Sometimes it’s not the Star Wars cybersecurity failure that plague dealerships. One of the most prevalent of this is the ubiquitous Wi-Fi network not being configured properly, setting up hackers to exploit.
If there is one cybersecurity measure that dealerships need to address urgently, it’s the dangerous Wi-Fi setups proliferating in car dealerships. Immediate action is crucial to prevent potential cyber threats.
Point One
Providing shared or publicly connected Wi-Fi for your store to serve your accounting team, sales, and service operations, and waiting for customers, your store and its networks are ripe for cyber infiltration. This sort of Wi-Fi scenario is too dangerous for you today. Here are a few:
- Infecting networks with viruses, malware and worms
- Capturing log-in credentials
- Accessing unencrypted Connections
- Accessing third-party systems connected to your network, and more
A recent Forbes Advisor survey found that 40 percent of respondents had their information compromised while using public Wi-Fi.
How do you keep this Wi-Fi device for internal systems use—for back office, sales, service, general management, outside vendors, and financing sources? Protect this Wi-Fi as would your shared network, secure for your customers, then? Insist on up-to-date virus, ransomware, and malware software on devices this shared Wi-Fi serves.
Additionally, install a Virtual Private Network (VPN) on this shared or public line. The VPN encrypts the data flow between users of this WI-FI and what users connect to “hide” the data flow. If your IT team hasn’t already installed a VPN, encourage them to do it now. The cost is minimal.
Point Two
Install a unique Wi-Fi device solely for back-office staff use. This will segregate crucial internal data sources from access by the shared network. You want to put the back office, sales and finance, services and sales, and parts on this Wi-Fi network.
Point Three
Sales and finance demand their own Wi-Fi for CRM, sales and lease finance applications for internal and approved vendor communications. Sales and finance move enormous amounts of personal (customer) and finance information among multiple parties – these transmissions must provide unquestionable integrity.

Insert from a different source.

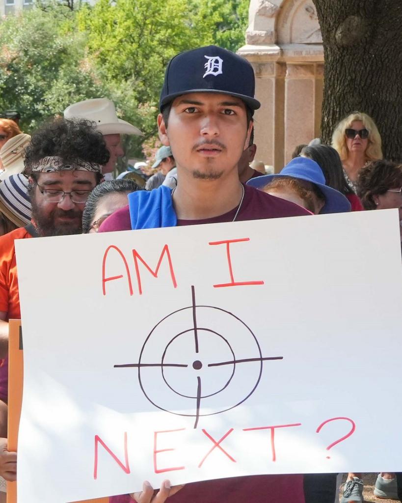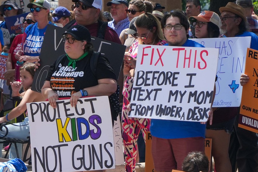 People participate in a demonstration to seek age raise for AR-15 sales in Austin, Texas, the United States, Aug. 27, 2022. (Photo by Bo Lee/Xinhua)
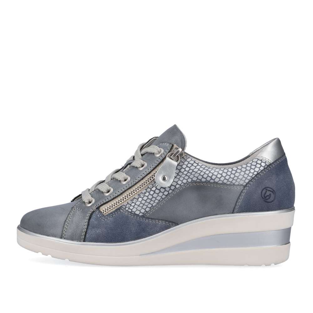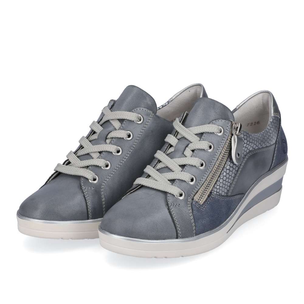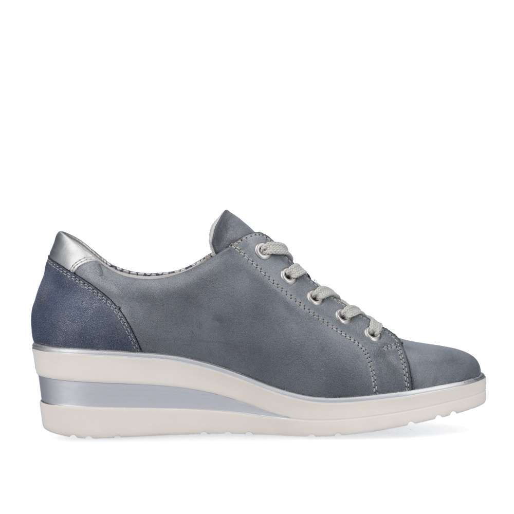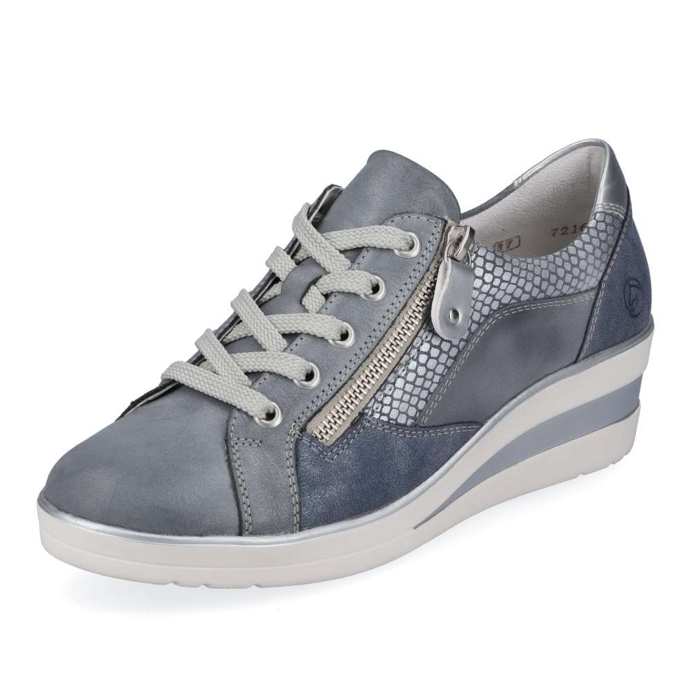 Detailní informace Obuv REMONTE – jedná se o vyšší řadu značky RIEKER, tato obuv se vyznačuje vynikající kombinací svrchních materiálů. Tyto šněrovací boty jsou dokonalým každodenním společníkem v modro-šedé barvě. Šněrování je doplněno zipem a to zaručuje optimální oporu a perfektní střih. Tlumící a lehká podrážka s klínovým podpatkem a extra měkká vyjímatelná stélka jsou další argumenty pro tuto botu. Šířka H vám dává větší volnost v botě. To znamená – nekonečné procházky nejsou žádným problémem!

As this network passes critical and personal information that you must protect, you want a most robust network defense. Such protection should provide a non-latency platform to instantly implement permissions and security policies to proactively block any breach attempts, ensuring your dealership’s sensitive data, operations, and customer information are continuously protected. Additionally, the system helps meet CFPB regulatory requirements while safeguarding against external attacks and insider threats without adding complexity to your IT operations.
Protection from Hackers
Dealerships provide Wi-Fi situations that allow hackers to access their network from a parking lot or other public area. Once they’re into your network they’re free to roam where they wish to invade your business network and capture customer, vendor, and employee personal and financial data.
Another danger of a shareable single Wi-Fi is that presented by providing this service for waiting service customers. They likely use your service for online shopping—even accessing their personal financial information. A malicious character outside your store or walking around inside can capture all of their activities.
Too many dealerships continue to operate with a general Wi-Fi setup which has not been properly configured, allowing cross contamination of multiple networks within the dealerships. This is easily identified using proper IT surveillance software under “Real-Time” monitoring:
Rogue Networks: A rogue network or rogue access point is essentially a “back door” that has been installed on a network’s wired infrastructure without the administrator’s knowledge or consent. This type of security breach, which some refer to as a “man-in-the-middle attack,” disguises itself as a legitimate Wi-Fi connection to trick users into connecting to it.
Unencrypted Connections: An encryption-free connection allows hackers to monitor all file sharing and traffic that is sent between the user and server on a public Wi-Fi network. A well-positioned attacker can easily track the network users connected to the router of an unsecured network and inject malicious JavaScript into their devices.
Network Snooping: Another common method of attack is network snooping, which happens when a hacker uses malicious software on a public Wi-Fi network to remotely monitor the activity on a third-party’s laptop. This is an avenue for hackers to surveil any information exchange—whether it’s credit card information, passwords, or any number of other sensitive details.
Log-in Credential Vulnerability: Log-in credential vulnerability is caused by weak and predictable passwords. This type of security vulnerability can be prevented by making sure all your passwords for websites, apps, and Wi-Fi networks are strong and unique.
System Update Alerts: Hackers are constantly innovating ways to hijack smartphone devices. One sneaky way to steal information, which targets Android devices, is through fake system update alerts with data-exfiltration capabilities.
Session Hijacking: An attempt by hackers to gain control of a computer, often through the businesses’ website.